Although this rare case report shares some similarities from the described cases in the literature, there are some unique features such as this being only one of two cases found in the body of the pancreas and one with the longest latency period; however, in keeping with three of the cases, survival was in months once the diagnosis was made. In contrast to primary Merkel cell carcinoma, there are no guidelines as to the treatment of pancreatic metastasis, which would account for the myriad of approaches undertaken in the above studies. It is noticeable that 50% were diagnosed post-resection but it is difficult to recommend this approach as the gold standard as survival and treatment data regarding those not resected were not reported. However, it would seem like a reasonable approach if the patient was fit enough and a R0 resection was possible. Nevertheless, this case report does prove that metastasis can be diagnosed by a biopsy and, as reported in several other cases, can be diagnosed by CK20 (epithelial) and CD56 (neuroendocrine) expression alone.

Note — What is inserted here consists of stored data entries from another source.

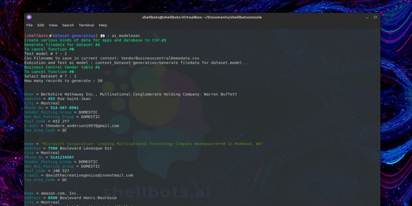 À partir de Shellbots, nous avons combiné la création d’un service d’IA pour générer les données avec une configuration à la demande permettant de générer tout type de données, y compris des images, etc. Vous pouvez définir les structures que vous souhaitez avec pour chaque champ des tables des prompts spécifiques. L'outil vous demande ensuite combien de données vous souhaitez générer. Un vrai accélérateur pour vos projets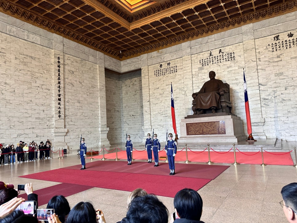 중정기념당에서 가장 인상적인 볼거리 중 하나는 위병 교체식입니다. 이는 매일 정해진 시간에 진행되며, 방문객들은 군인들의 엄숙하고 정교한 동작을 감상할 수 있습니다. 이 교체식은 군인들의 훈련과 정신력을 보여주는 것으로, 많은 이들에게 깊은 인상을 남깁니다.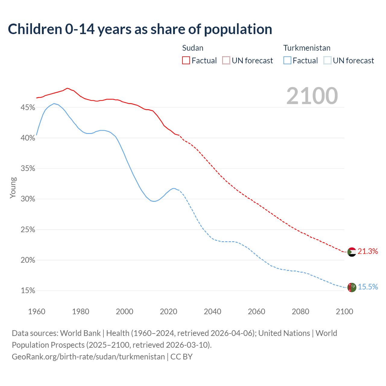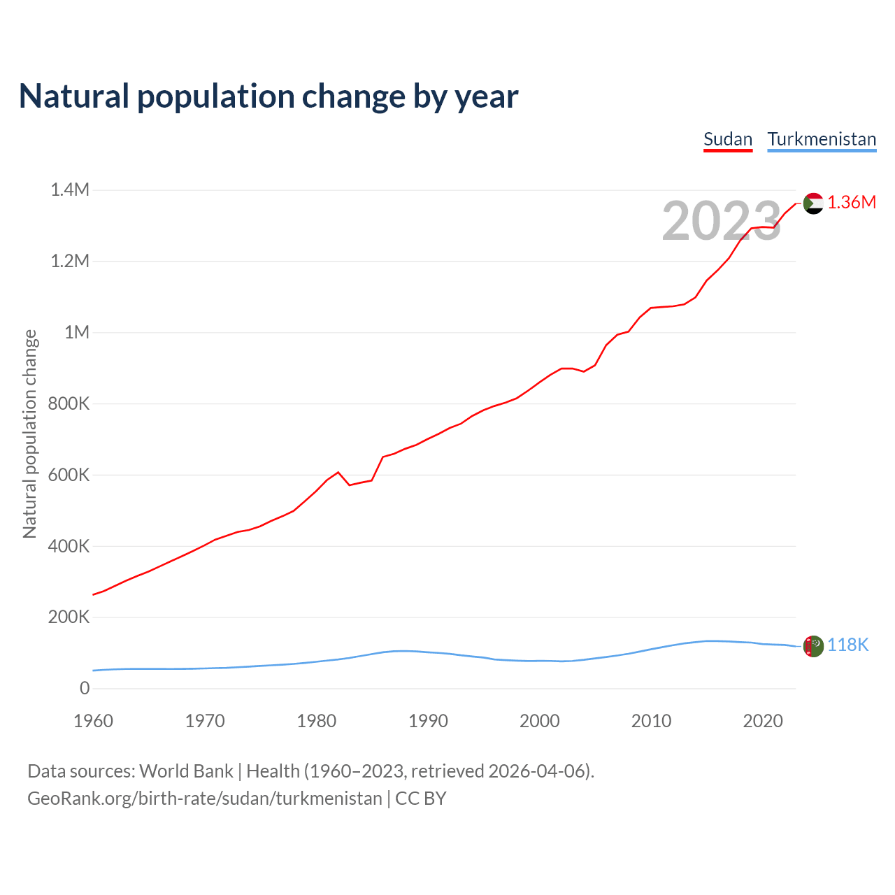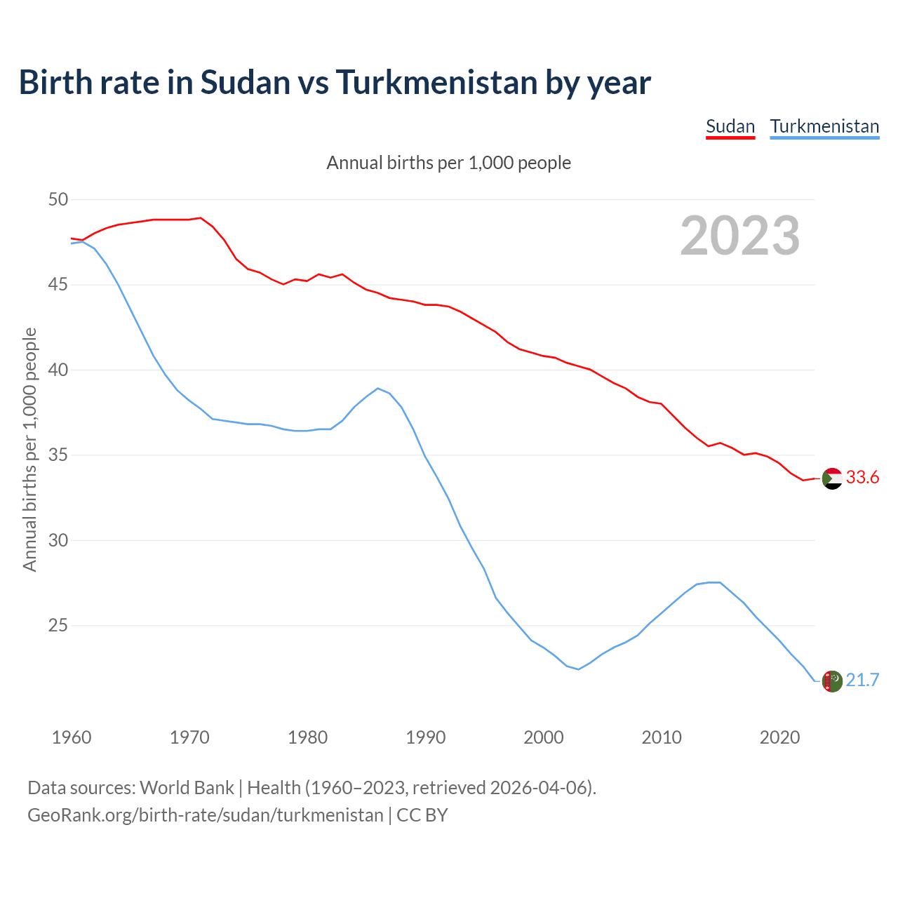 Sudan has an annual birth rate of 33.6 births per 1,000 people, compared to 21.7 for Turkmenistan. The average number of children a woman is expected to have during her lifetime — the fertility rate, is 4.32 in Sudan and 2.69 in Turkmenistan — 37.8% difference.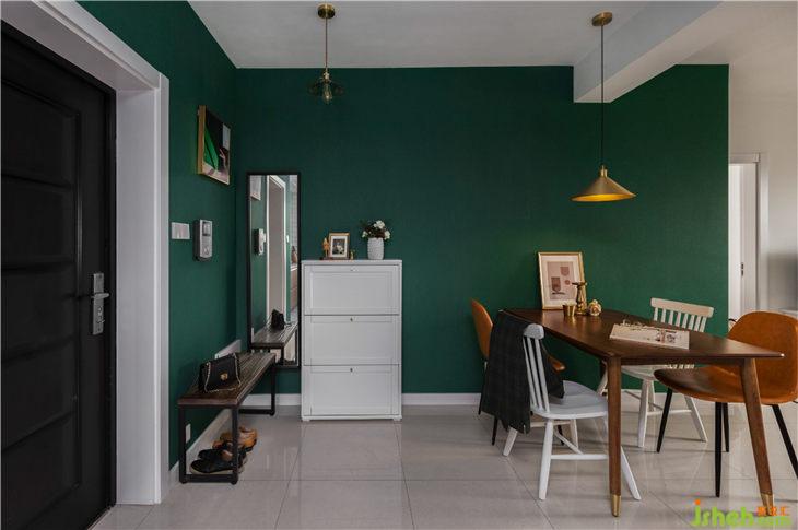 原先餐廳部分吊頂和燈帶拆除。換成小吊燈和明裝射燈的形式。從玄關(guān)到客廳都采用了杜松子綠墻紙使在視覺上有很好的延伸感與整體感。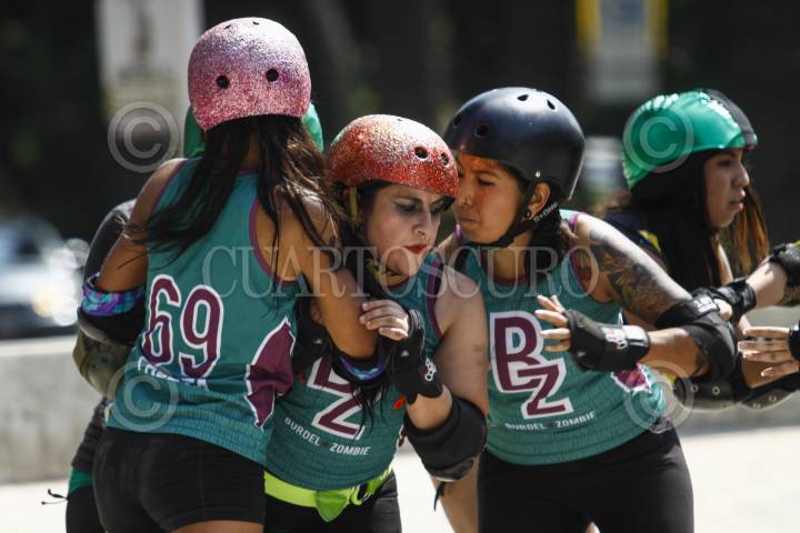 vMÉXICO, D.F., 07MARZO2015.- Chicas de entre 20 a 30 años de la liga Roller Derby se enfrentan en un partido en un parque de Polanco. Roller Derby es un deporte de contacto, originario de Estados Unidos, basado en el patinaje sobre ruedas y normalmente practicado por mujeres. Mañana domingo se celebra el Día Internacional de la Mujer, de acuerdo a cifras oficiales el 25 por ciento de los 28 millones de hogares están dirigidos por mujeres, es decir 6.9 millones de familias reconocen a una mujer como jefa; el 84% de los hogares monoparentales son encabezados por mujeres y 16% por hombres. FOTO: RODOLFO ANGULO /CUARTOSCURO.COM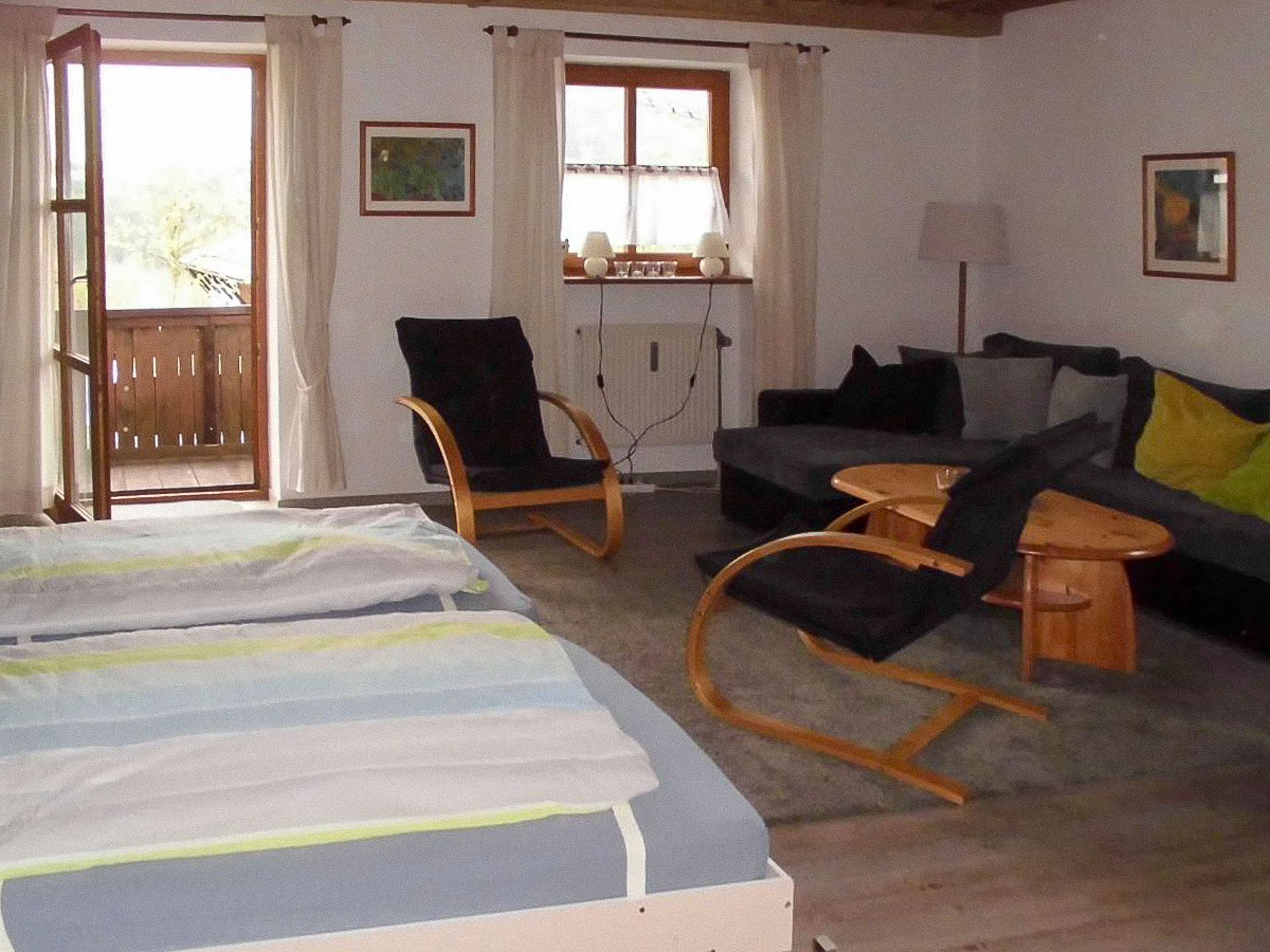 Auf dem großen Balkon können Sie die idyllische Aussicht auf die umliegende Natur genießen, während Gartenmöbel, Sonnenliegen und ein Sonnenschirm zum Entspannen einladen. Die Wohnung ist rauchfrei, allergikerfreundlich und auch für Rollstuhlfahrer geeignet. Haustiere sind nicht erlaubt.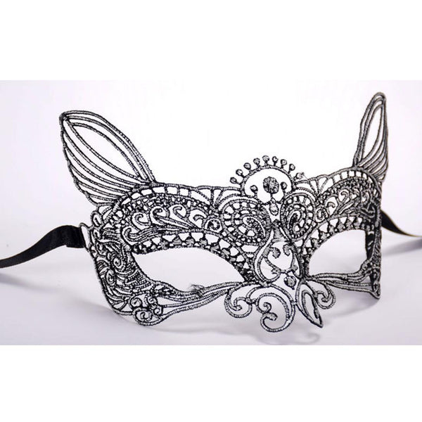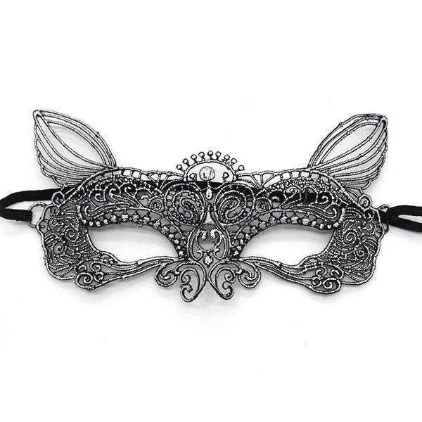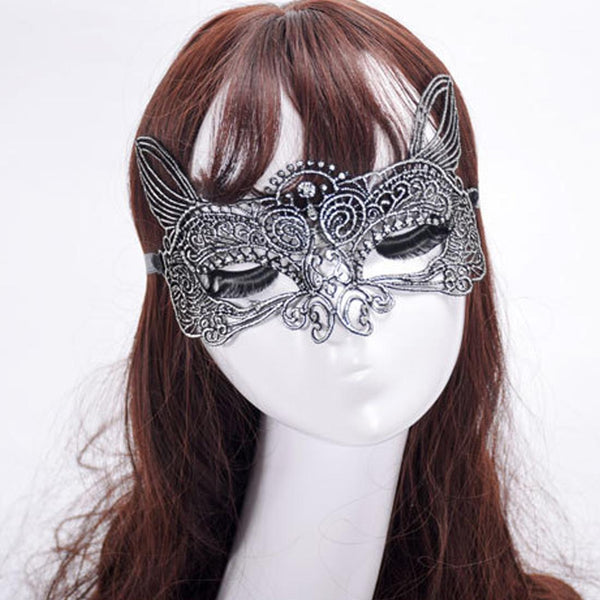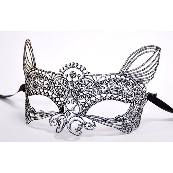 Halloween Masquerade Party Dance Sexy Lady Bronzing Lace Cat King Mask(Silver)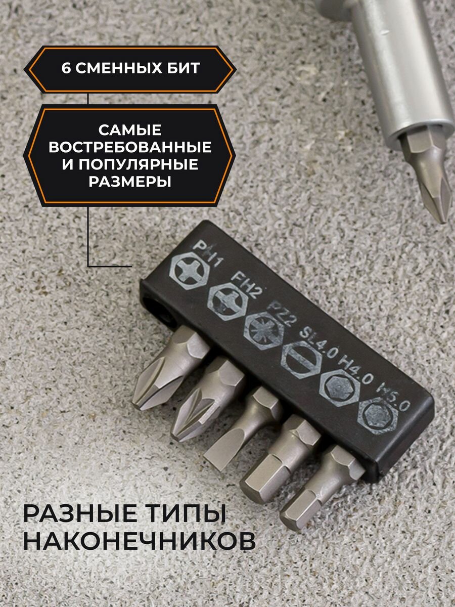 Вихрь Отвертка со сменными битами 6 шт. 73/6/2/16 информация: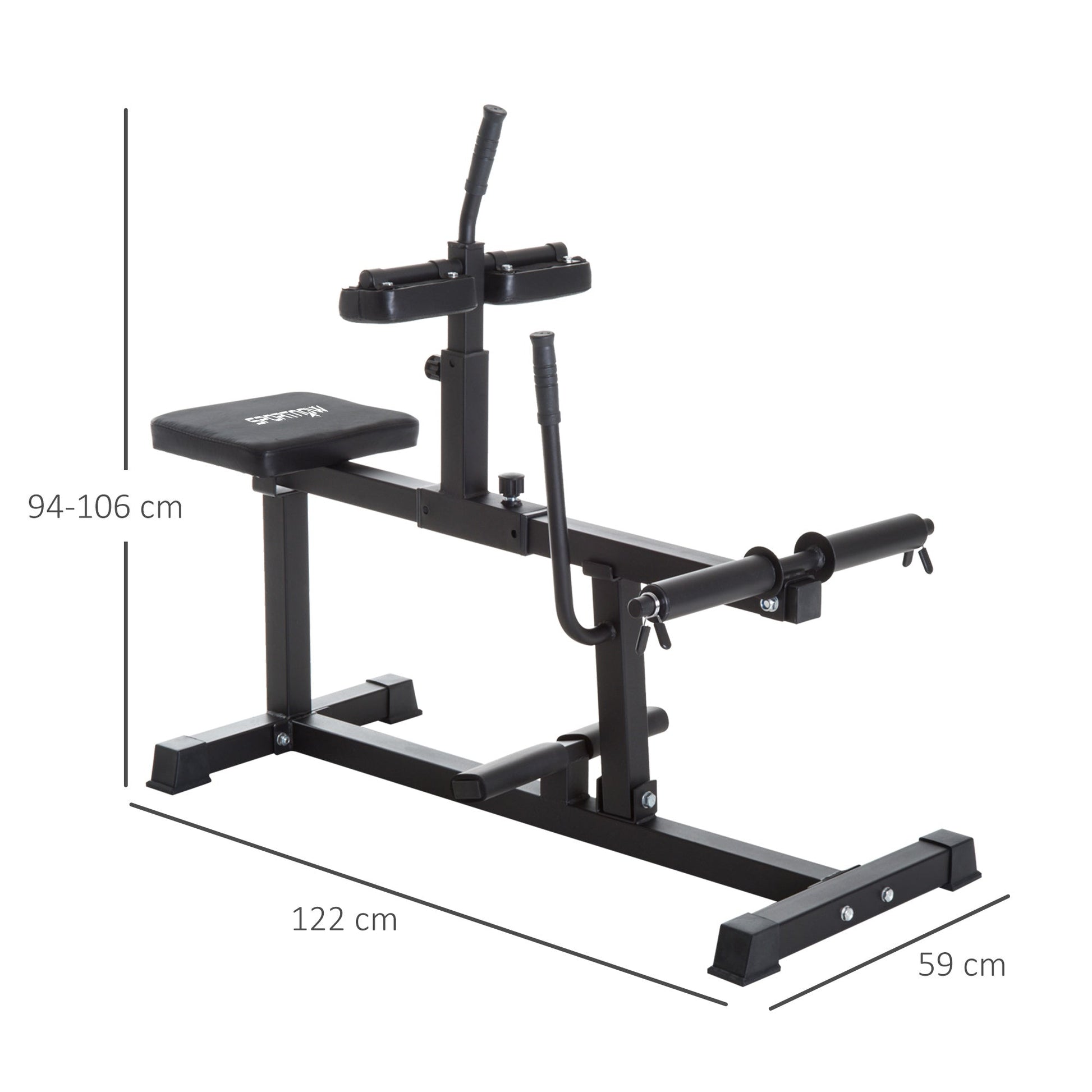 Build strong, powerful calves with this leg stretcher from SPORTNOW. It features high grade steel construction, bolted on anti-slip feet, with a scratch resistant, powder coated finish. This leg curl extension machine is designed with adjustable thigh pads and dual Olympic weight posts for added function and comfort. Start training your calves today with this superior leg curl machine!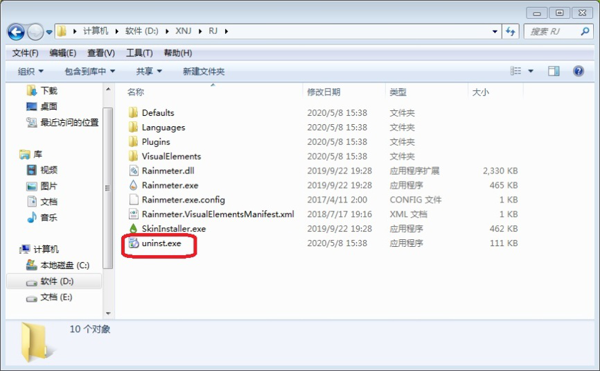 1. 找到RainMeter软件安装位置,在其中找到并点击"uninst.exe"。

We report a rare case of a Merkel cell carcinoma metastasis to the pancreas and the rapidity of the patient’s deterioration justified our conservative management. It is important to exclude this rare cause of a mass in the pancreas in patients with a previous history of Merkel cell carcinoma, even if there is a long period between the primary tumour and the pancreatic mass. Whether this is done after resecting the mass, which is a reasonable approach if a R0 resections seems possible, or by biopsy/FNA remains to be determined. We believe the factors that should be taken into consideration include resectability of the lesion, disease spread and general fitness of the patient.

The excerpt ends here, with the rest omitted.